1.
The stock market crash of 1929 is known as_________ Thursday?
Explanation
It was also known as Black Tuesday.
2.
The stock market crash began well before October?
Correct Answer
A. True
Explanation
True many papers were reporting on a possible struggle and crash early in 1929 and some even before that.
3.
Today there are multiple theories for the cause of the stock market crash?
Correct Answer
A. True
Explanation
Some blame the media for speculating and scaring investors, some blamed poor investment choices by individuals, some blamed companies, and some blamed the banks and how they handle funds and deposits.
4.
While the economy was struggling the manufacturing industry continued to stay strong?
Correct Answer
A. True
Explanation
During an economic downturn, it is common for many industries to suffer and struggle. However, the manufacturing industry tends to be more resilient and can often withstand economic challenges better than other sectors. This is because manufacturing involves the production of tangible goods that are essential for various industries and consumer needs. Additionally, manufacturing companies may have long-term contracts or established relationships with customers, providing some stability during tough economic times. Therefore, it is plausible that while the overall economy is struggling, the manufacturing industry can still remain strong.
5.
The year leading up to the crash magazines painted pictures of a strong economy and much growth?
Correct Answer
A. True
Explanation
True, because statistically much of the industrial and manufacturing industries were growing and demand was still strong and holding, and in some cases growing.
6.
From the articles, we learn that one of the largest issues during the crash was some papers giving optimism and showing growth while others warned about the negative sign to the economy?
Correct Answer
A. True
Explanation
Many papers showed growth and stability reassuring people of comfort, while other papers speculated of a crash.
7.
At the peek of the crash stocks fell 80%?
Correct Answer
A. True
Explanation
At the end of the 1920 stocks were down approx 80% from their high.
8.
Banks struggled financially partially due to investing depositors money into the stockmarket?
Correct Answer
A. True
Explanation
Because of the economy and stock market at all-time highs banks used most deposited money to invest in stocks that would later lose much of their value.
9.
Banks lost how much of depositors money when they failed?
Correct Answer
C. $140 Billion
Explanation
During the time when banks failed, they lost a significant amount of depositors' money, specifically $140 billion.

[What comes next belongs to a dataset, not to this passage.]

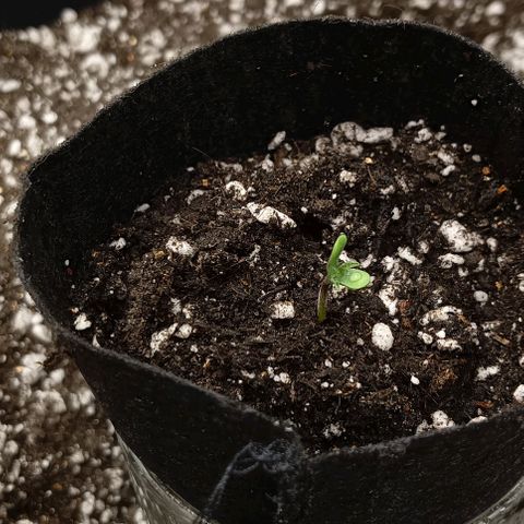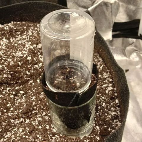Перед пересадкой в литровый горшок, в лунку под размер маленького горшка, была обильна засыпана микориза на торфе и пролита до дренажа раствором biobizz 0,5мл на 1л.

This loss could have been due to various reasons, such as mismanagement, risky investments, economic downturns, or fraudulent activities. Regardless of the specific cause, the substantial loss of $140 billion indicates the severity of the failure and the impact it had on depositors who entrusted their money to these banks.
10.
The FDIC "Federal Deposit Insurance Corporation" was created before the stock market crash to prevent such crashes?
Correct Answer
B. False
Explanation
The FDIC was created in response to the crash to protect future depositors so they didn't lose all their money again.
11.
Banks were closed for how many days?
Correct Answer
C. 3
Explanation
Many banks began to incorporate strict withdrawals and also led to the FDIC.
12.
Today banks still invest in the stock market?
Correct Answer
B. False
Explanation
Banks do invest in the stock market. They often have investment divisions or subsidiaries that handle their stock market investments. These investments can include buying stocks, bonds, mutual funds, and other securities. Banks invest in the stock market to diversify their portfolios, generate returns, and provide additional services to their clients. Therefore, the statement that banks still invest in the stock market is incorrect.
13.
Speculation played a small role in the crash?
Correct Answer
B. False
Explanation
Speculation played a large roll on wall street and made many people sell out.
14.
It would take over 40 years for the amount of stock exchanged in one day would match that of black Thursday?
Correct Answer
A. True
Explanation
The statement is true because Black Thursday, which refers to the stock market crash of 1929, was a significant event in history where a large amount of stock was exchanged in a single day. Given that this event was unprecedented, it is reasonable to assume that it would take over 40 years for the amount of stock exchanged in a single day to match that of Black Thursday.